Escritórios de mineração em Atenas, Grécia, em 16 de novembro de 2025. À medida que as operações multinacionais de mineração se expandem novamente por todo o país, a Grécia enfrenta uma nova guerra: externamente, contra o domínio maligno da China sobre o futuro da tecnologia e, internamente, sobre como seus recursos naturais serão utilizados. John Fredricks/The Epoch Times

“Uma grande mudança”

Entre as ilhas gregas, Chios é relativamente subdesenvolvida.

É o único lugar no mundo que produz “masticha” ou goma de mastique, uma resina coletada de um arbusto mediterrâneo que tem sido usada como panaceia médica há milhares de anos. E tem mantido uma indústria turística robusta sem ser colonizada pelos megaprojetos turísticos com tudo incluído típicos de outras ilhas.

Até agora, isso levou a um modelo “equilibrado e sustentável”, disse Costas Moundros, presidente da Organização de Turismo de Chios, ao Epoch Times.

“Seus dois pilares principais são a atividade marítima e a produção de mastique, que formam a base de sua identidade econômica e cultural”, disse ele. “Esses setores são os principais motores do crescimento.”

Kostas Moundros, presidente da Organização de Turismo de Chios, em frente ao seu escritório em Chios, Grécia, em 13 de novembro de 2025. John Fredricks/The Epoch Times

A decisão de extrair antimônio representa uma “grande mudança” com consequências potencialmente profundas, segundo Moundros.

“O estado colocou efetivamente os cidadãos diante de uma nova realidade que pode alterar o panorama social, ambiental e econômico da ilha”, disse ele.

“Isso ocorreu sem consulta prévia, diálogo público ou uma avaliação transparente dos riscos e benefícios potenciais.”

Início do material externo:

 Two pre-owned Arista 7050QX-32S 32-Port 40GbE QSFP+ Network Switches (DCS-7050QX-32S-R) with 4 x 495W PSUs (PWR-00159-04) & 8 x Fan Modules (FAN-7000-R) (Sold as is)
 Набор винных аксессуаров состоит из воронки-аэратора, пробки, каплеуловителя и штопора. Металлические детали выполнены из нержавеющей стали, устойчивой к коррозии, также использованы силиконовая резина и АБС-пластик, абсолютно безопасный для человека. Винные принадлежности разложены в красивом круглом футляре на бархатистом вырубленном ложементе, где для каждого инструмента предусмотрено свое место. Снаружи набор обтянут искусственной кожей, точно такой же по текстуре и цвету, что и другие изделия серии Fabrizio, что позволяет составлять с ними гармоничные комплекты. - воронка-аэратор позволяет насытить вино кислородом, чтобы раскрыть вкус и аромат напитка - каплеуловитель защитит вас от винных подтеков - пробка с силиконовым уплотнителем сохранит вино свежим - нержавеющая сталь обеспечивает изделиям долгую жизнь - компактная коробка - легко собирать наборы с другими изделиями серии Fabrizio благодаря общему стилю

Grupos ambientalistas, incluindo a Sociedade para o Meio Ambiente e o Patrimônio Cultural, se opuseram no ano passado ao projeto de mineração proposto, citando uma séria ameaça à “área, que é designada como zona protegida Natura 2000”, bem como à saúde das comunidades vizinhas e à produção agrícola de mastique.

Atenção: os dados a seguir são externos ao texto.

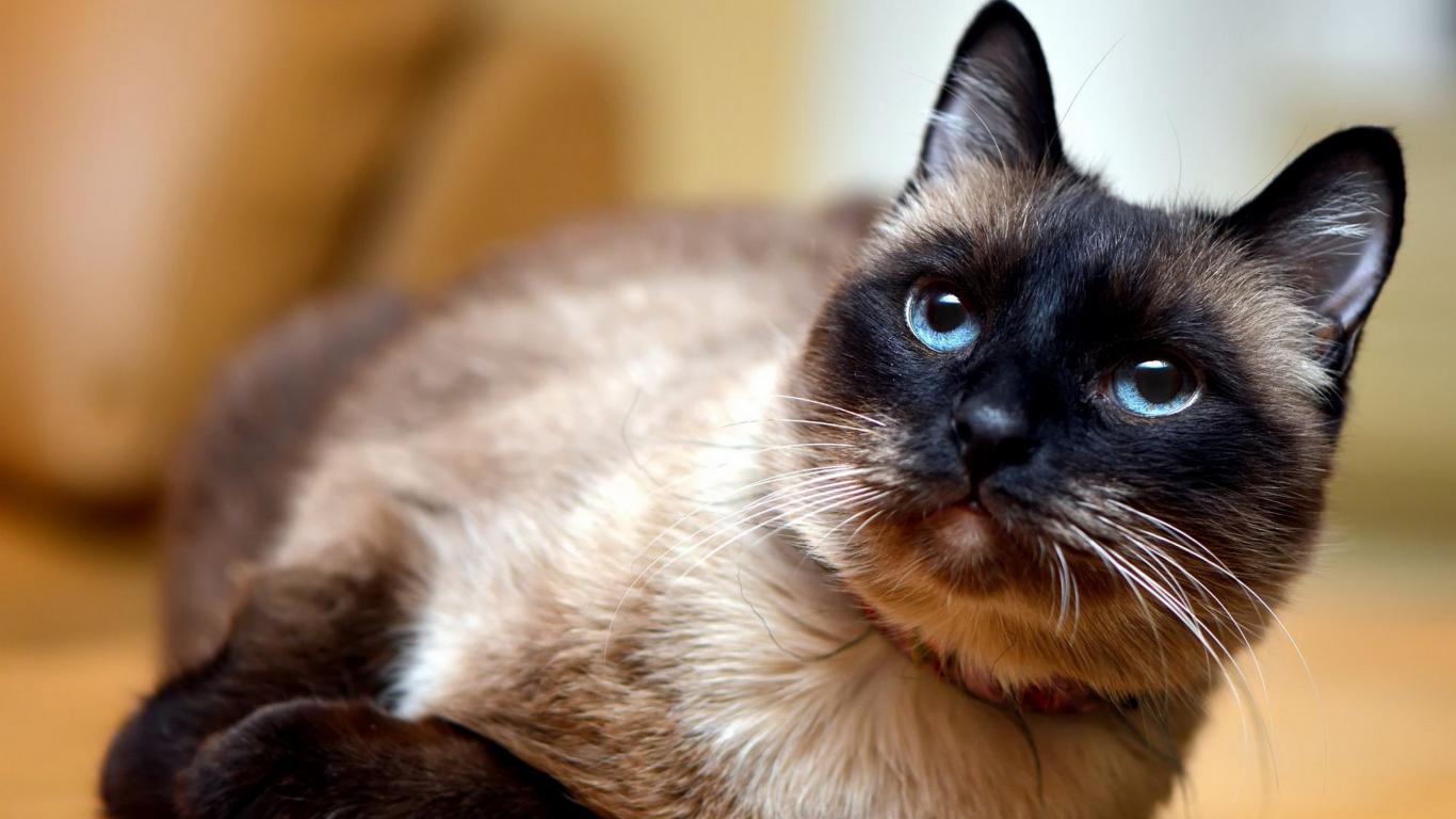Wallpaper Beautiful Siamese blue-eyed cat with a collar

Após um esforço de divulgação pública que os críticos ridicularizaram como “autoritário e unilateral”, a comoção social levou a um período de comentários públicos, com contribuições de cientistas, organizações culturais e outras partes interessadas.

O advogado Panos Lazaratos, que apresentou petições para anular o projeto, indicou em um fórum público em abril de 2025 que os residentes têm um caso jurídico forte, mas enfatizou que a luta está longe de terminar.

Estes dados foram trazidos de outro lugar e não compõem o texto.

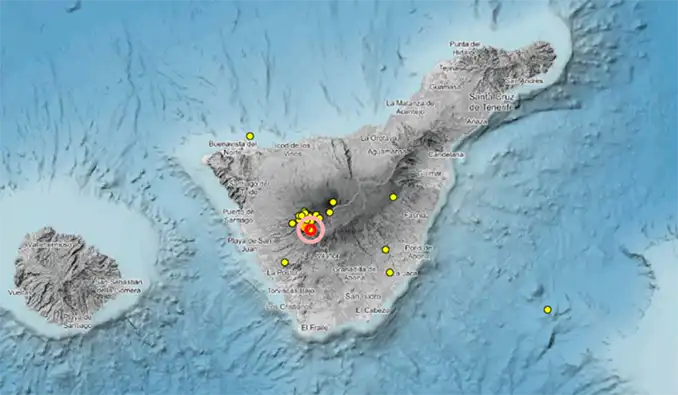 Национальный географический институт Испании (Instituto Geográfico Nacional — IGN) зафиксировал серию из примерно двадцати землетрясений с раннего утра понедельника в районе Pico Viejo, расположенного к западу от жерла Las Cañadas del Teide, на острове Тенерифе. Сейсмическая активность началась в 1:11 утра и продолжалась до раннего утра вторника, когда последнее землетрясение произошло в 5:51 утра.

Uma pedreira vista da rodovia nos arredores de Chios, Grécia, em 12 de novembro de 2025. John Fredricks/The Epoch Times

No final de 2025, os funcionários públicos da prefeitura de Chios encolheram os ombros quando questionados sobre a pausa.

“É temporário”, disse um deles ao Epoch Times. “Vai recomeçar.”

Theodorou disse: “Nossa comunidade está unida e determinada a proteger esta pequena ilha de um projeto que acreditamos que possa causar danos irreversíveis ao meio ambiente e à saúde pública.

Precisamos de ajuda... mas não queremos que seja do governo.”

Ele apontou para os bosques em socalcos, os edifícios de pedra e as praias espetaculares que rodeiam Volissos.

“Eles querem transformar isto numa aldeia fantasma”, disse Theodorou.

Outras aldeias semi-desertas podem não oferecer tanta resistência, disse ele.